▶ _Requirement_
Using the entries below, copy out all lines where "wooden" is found.

▶ _Given records_
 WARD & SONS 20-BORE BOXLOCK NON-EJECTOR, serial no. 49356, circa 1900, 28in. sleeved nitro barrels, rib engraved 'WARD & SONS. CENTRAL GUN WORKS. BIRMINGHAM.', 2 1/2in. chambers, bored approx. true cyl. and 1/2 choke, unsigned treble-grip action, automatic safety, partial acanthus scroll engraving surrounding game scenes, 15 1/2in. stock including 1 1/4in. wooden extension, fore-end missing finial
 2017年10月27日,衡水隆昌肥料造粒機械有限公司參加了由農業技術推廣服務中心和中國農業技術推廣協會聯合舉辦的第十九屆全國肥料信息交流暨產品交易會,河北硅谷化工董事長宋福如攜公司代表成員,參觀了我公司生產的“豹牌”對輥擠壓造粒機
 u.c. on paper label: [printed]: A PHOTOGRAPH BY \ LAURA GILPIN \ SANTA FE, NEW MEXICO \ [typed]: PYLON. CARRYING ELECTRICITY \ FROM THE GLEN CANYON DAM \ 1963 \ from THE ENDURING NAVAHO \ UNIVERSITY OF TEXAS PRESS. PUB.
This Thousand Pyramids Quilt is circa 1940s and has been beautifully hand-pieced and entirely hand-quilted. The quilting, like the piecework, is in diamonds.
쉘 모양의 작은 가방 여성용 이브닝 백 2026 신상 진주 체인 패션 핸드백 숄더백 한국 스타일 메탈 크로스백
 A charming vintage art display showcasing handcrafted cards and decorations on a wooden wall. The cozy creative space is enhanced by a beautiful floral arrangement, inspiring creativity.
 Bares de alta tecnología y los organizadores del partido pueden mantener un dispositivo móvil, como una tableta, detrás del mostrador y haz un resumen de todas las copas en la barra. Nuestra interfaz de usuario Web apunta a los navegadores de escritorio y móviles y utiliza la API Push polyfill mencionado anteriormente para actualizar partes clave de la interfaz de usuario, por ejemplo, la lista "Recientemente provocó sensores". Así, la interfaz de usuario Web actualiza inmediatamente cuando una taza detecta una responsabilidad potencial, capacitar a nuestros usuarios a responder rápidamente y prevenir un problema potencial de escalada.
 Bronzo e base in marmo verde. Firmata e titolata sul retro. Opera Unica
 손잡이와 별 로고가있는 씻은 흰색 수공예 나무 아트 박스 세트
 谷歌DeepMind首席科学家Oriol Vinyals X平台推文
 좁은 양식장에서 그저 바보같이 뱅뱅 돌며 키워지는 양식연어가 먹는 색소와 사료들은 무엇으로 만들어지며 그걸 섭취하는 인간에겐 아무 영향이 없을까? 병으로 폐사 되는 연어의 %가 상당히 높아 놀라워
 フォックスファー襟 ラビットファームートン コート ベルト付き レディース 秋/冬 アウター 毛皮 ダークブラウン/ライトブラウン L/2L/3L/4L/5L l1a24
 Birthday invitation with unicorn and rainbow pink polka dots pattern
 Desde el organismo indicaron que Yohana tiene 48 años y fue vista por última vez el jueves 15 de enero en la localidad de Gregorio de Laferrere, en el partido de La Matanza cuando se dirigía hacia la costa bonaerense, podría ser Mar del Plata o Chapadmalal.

▶ _Exercise response_
 WARD & SONS 20-BORE BOXLOCK NON-EJECTOR, serial no. 49356, circa 1900, 28in. sleeved nitro barrels, rib engraved 'WARD & SONS. CENTRAL GUN WORKS. BIRMINGHAM.', 2 1/2in. chambers, bored approx. true cyl. and 1/2 choke, unsigned treble-grip action, automatic safety, partial acanthus scroll engraving surrounding game scenes, 15 1/2in. stock including 1 1/4in. wooden extension, fore-end missing finial
 A charming vintage art display showcasing handcrafted cards and decorations on a wooden wall. The cozy creative space is enhanced by a beautiful floral arrangement, inspiring creativity.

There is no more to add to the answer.